Winner will win a nice Rapala Skitter Pop(Pink or purple) and some football jigs and maybe a TB spinnerbait, 1 package of JDBaits plastics of my choice, and a custom painted BYOB lure.

A killer prize pack for doing nothing but fishing In my opinion.

Disclaimer: All rules and contests can change because.
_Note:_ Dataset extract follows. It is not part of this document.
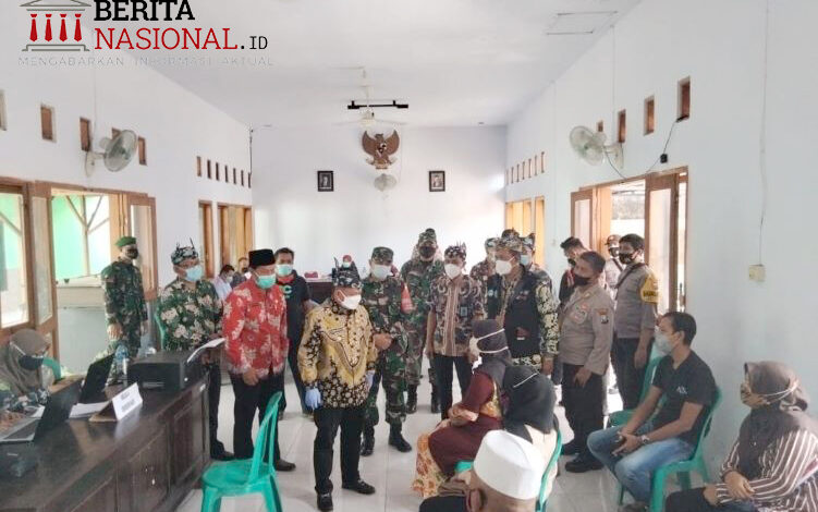 BeritaNasional.ID – SITUBONDO, JAWA TIMUR,- Bupati Situbondo Karna Suswandi, Kapolres Situbondo AKBP Ahcmad Imam Rifai serta Dandim 0823 Situbondo Letkol Inf Neggy Kuntagina meninjau pelaksanaan serbuan vaksinasi yang berlangsung di Puskesmas Panji, Balai Desa Curah Jeru dan Kelurahan Mimbaan, Kecamatan Panji, Kabupaten Situbondo, Kamis (8/7/2021).

If I missed something or you have any questions, let me know.


----------



## Captain Ahab (May 14, 2010)

Any bass? Like can I win with a Striped Bass? 




PLEASE! :mrgreen:


----------



## Jim (May 14, 2010)

Captain Ahab said:


> Any bass? Like can I win with a Striped Bass?
> 
> 
> 
> ...



[-X Your killing me.

Largemouth, smallmouth, or spotted. 8)


----------



## Quackrstackr (May 14, 2010)

And I'm out of town this weekend!

](*,) 

(this may give me incentive to sneak away from work early this afternoon, though :lol: )


----------



## poolie (May 14, 2010)

I was on the fence about fishing this weekend, but t-storms be darned... I'm going.


----------



## S&amp;MFISH (May 14, 2010)

Same here poolie.They are calling for rain to the south,so north it is. MarkTwainLake tomorrow.


----------



## huntinfool (May 14, 2010)

DANG-IT! I just got back. I guess now I will have to try and go again!


----------



## bAcKpAiN (May 14, 2010)

Very busy weekend for me, so doubt I will get to fish... But I just had to say. JIM IS THE MAN!
Go get em' boys and girls. =D>


----------



## dyeguy1212 (May 14, 2010)

Look out guys... if Lake Orion is hopping like it was last week, I've got this one in the bag. Hopefully the colder temps kept things right where they were 8)


----------



## jigster60 (May 14, 2010)

I would have taken pics of the 3 I caught today but my pliers were bigger than the bass were :LOL2: ...........................................JIGGY


----------



## shamoo (May 14, 2010)

jigster60 said:


> I would have taken pics of the 3 I caught today but my pliers were bigger than the bass were :LOL2: ...........................................JIGGY


 :LOL2: :roflmao: Good luck jiggy


----------



## cali27 (May 14, 2010)

jigster60 said:


> I would have taken pics of the 3 I caught today but my pliers were bigger than the bass were :LOL2: ...........................................JIGGY




Jiggy that honestly has me laughing out loud by myself right now. :lol:


----------



## poolie (May 14, 2010)

jigster60 said:


> I would have taken pics of the 3 I caught today but my pliers were bigger than the bass were :LOL2: ...........................................JIGGY



That's okay Jiggy, last weekend I caught a bream on a spinnerbait and the spinnerbait was about the same size as the bream. How it managed to get the hook its mouth I'll never know. When I set the hook it came flying out of the water and landed about 20 foot on the other side of the boat.


----------



## wasilvers (May 15, 2010)

jigster60 said:


> I would have taken pics of the 3 I caught today but my pliers were bigger than the bass were :LOL2: ...........................................JIGGY



At least you got 3, I only got 1, about the same size as my pliers. 

:?


----------



## dyeguy1212 (May 15, 2010)

Caught quite a few lunkers today, but nothing beat my first. I have a chance to get on the water tomorrow so I'm going to have to withhold the pic until then :wink:


----------



## Bubba (May 15, 2010)

Dang! And I just caught a 13lb bass today, but just now saw this post and didn't get a pic of it.  :---)


----------



## cali27 (May 15, 2010)

Bubba said:


> Dang! And I just caught a 13lb bass today, but just now saw this post and didn't get a pic of it.  :---)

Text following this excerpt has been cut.